I took the second flask from the sack. Clear glass, completely transparent liquid.

"There is a variation. Instead of stopping the distillation, we repeat the process several times. We remove almost all the flavour of the grain. What remains is clean as water but much stronger. We filter it through charcoal after. The drink is born ready, without needing a barrel or years of waiting."

I poured a cup and pushed it toward Rickard.

"This one I would call Frostspirit."

The first is Icefyre, I said, gesturing back to the amber. The second is Frostspirit.

My father tried the clear one. This time he was quiet longer before setting down the cup. Then he did what Rickard does when he is genuinely interested in something: he began asking practical questions.

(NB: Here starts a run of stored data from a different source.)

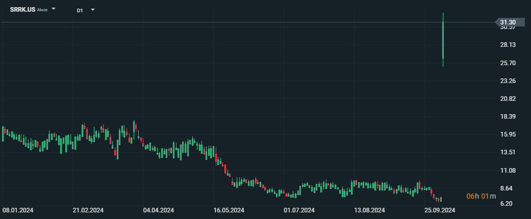 Akcie společnosti Scholar Rock Holding Corp. (SRRK.US) vystřelily o více než 315 % po oznámení pozitivních výsledků z fáze 3 klinické studie SAPPHIRE pro léčivo apitegromab, určené k léčbě spinální svalové atrofie (SMA).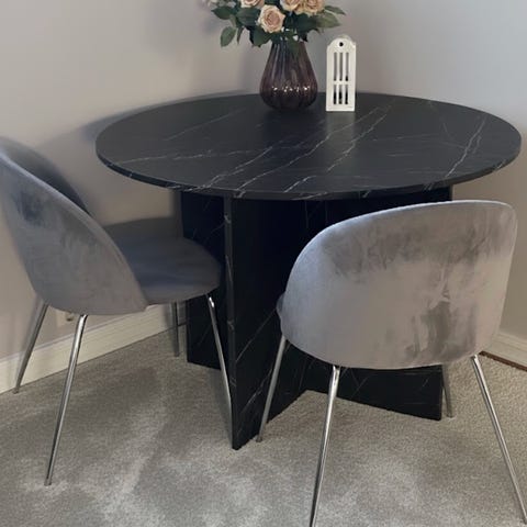 Rund Spisebord marmor vibe på 110cm med sølv bunn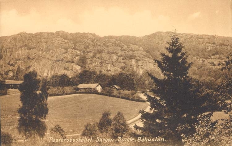 Tryckt text på kortet: "Pastorsbostället Skogen. Dingle. Bohuslän."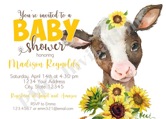 Buy Custom Printed 5x7 Watercolor Sunflower Cow Baby Shower Online In India Etsy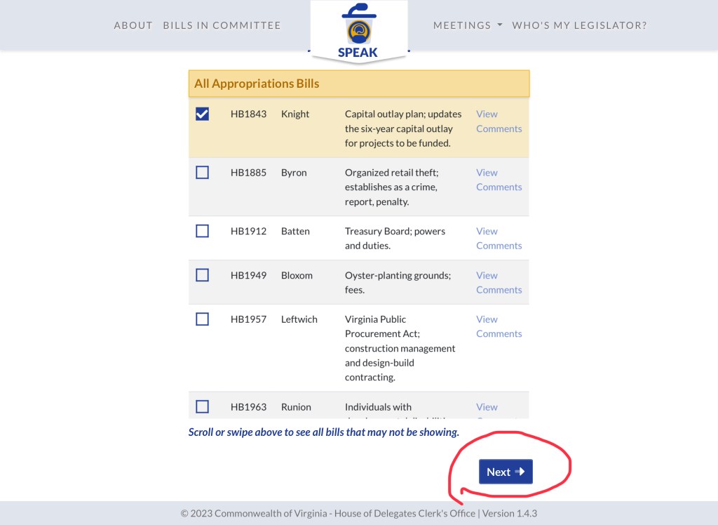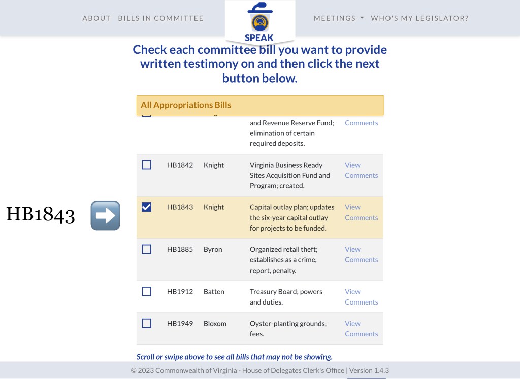 Start here to view YOUR “Public Comments for: HB1843 – Capital outlay plan; updates the six-year capital outlay for projects to be funded.” so far. https://hodspeak.house.virginia.gov/committees/H02/bills/HB1843/comments (opens in new tab)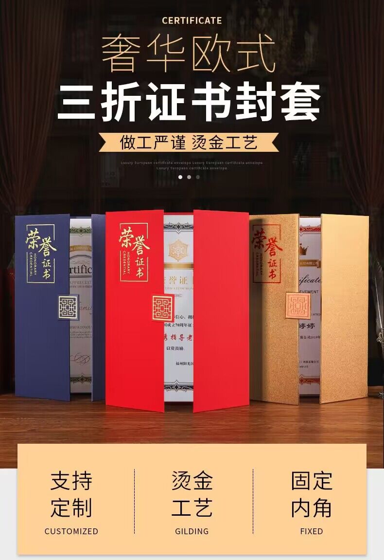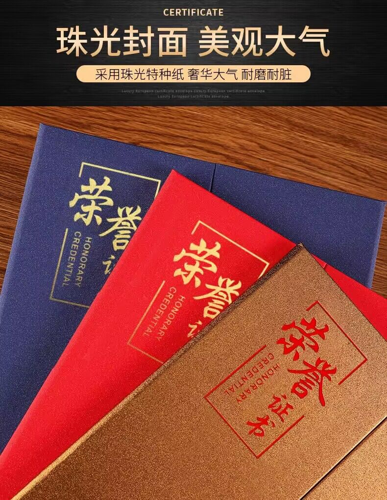 荣誉证书A4珠光面加厚磨砂高档聘书外壳封皮奖状证书定制颁奖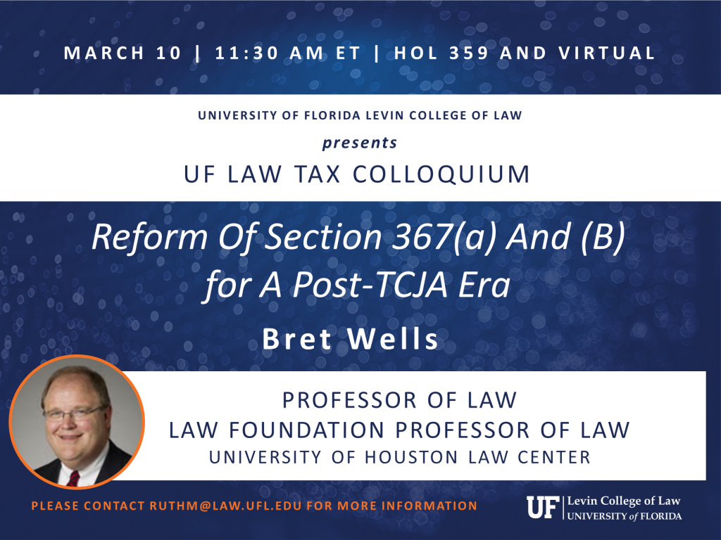 Bret Wells, Law Foundation Professor of Law, University of Houston Law Center, presents. Please contact ruthm@law.ufl.edu for more information.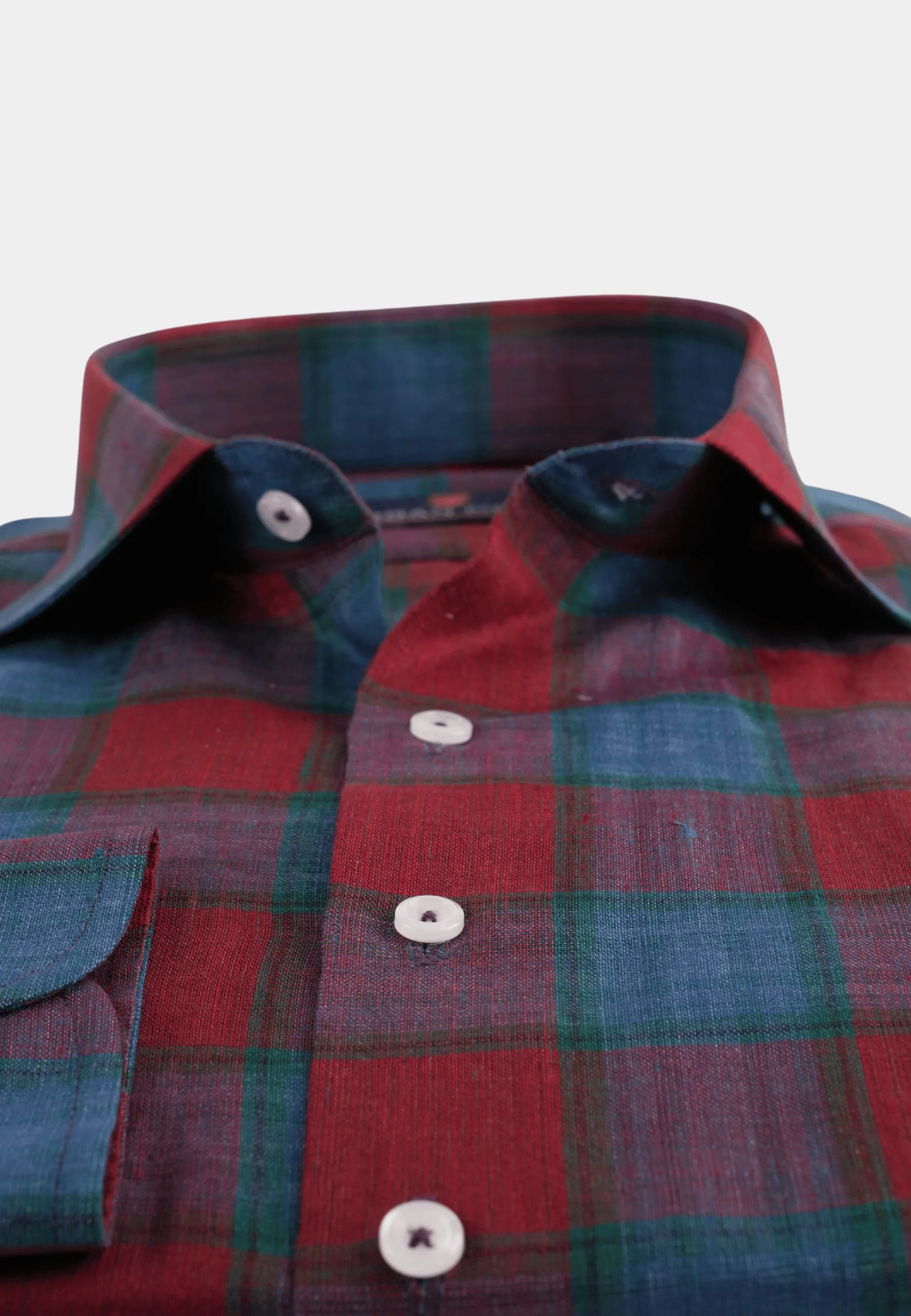 Burgundy & Teal Plaid Linen Shirt

How much it costs to produce. How much it could sell for. How long until the process is refined enough to scale. Which houses in the North have the capacity to distribute. Which ports. Lord Manderly in White Harbor, certainly. Who else.

I answered what I could. What I couldn't I said I didn't know yet but would find out. Rickard didn't stop asking questions for hours, and there was in it a quality I recognised, it was the same he brought to petitions when the matter was genuinely worth his attention, when what was in front of him was not a problem but a possibility.

Night fell without either of us noticing.

Walys contributed little to the conversation. But he was writing. I saw his hand moving over the parchment from the corner of my eye throughout the whole afternoon, while Rickard and I talked.

I said nothing about that.

I followed him.

I should have gone to my room. It was late, I was tired, I had training early. But I stayed in the corridor when I left the solar, leaning into an alcove where the stone was cold against my back and the nearest torch was far enough away that the shadow covered me.

I waited.

Walys came out later than I expected. He walked quickly, in that particular way of someone who has a destination and doesn't want anyone to notice they do. I followed at the distance Alaric taught me without knowing he was teaching me, my steps at the right rhythm to be lost in the echo of his.

He went back to the solar.

The door didn't close all the way. Through the gap I saw the light of the candle he lit, saw his shadow move toward the table. I heard the scrape of the chair. The scratch of quill on parchment.

And then, in a moment when he likely thought the silence belonged only to him, he muttered something to the empty room in the voice of someone who believes they are alone.

"Bloody Bastard."

I stood still.

The torches in the corridor burned low. From somewhere came the wind through the cracks in the castle walls, that sound Winterfell makes at night when it is quiet, which I have known since I can remember and have never been able to decide whether it is comforting or lonely. The scratching of the quill continued.

I went to my room.

I lay in the dark with my eyes open and listened to the wind, and thought about what I knew and what I didn't know yet, and about the distance between the two, and about what it would take to close it.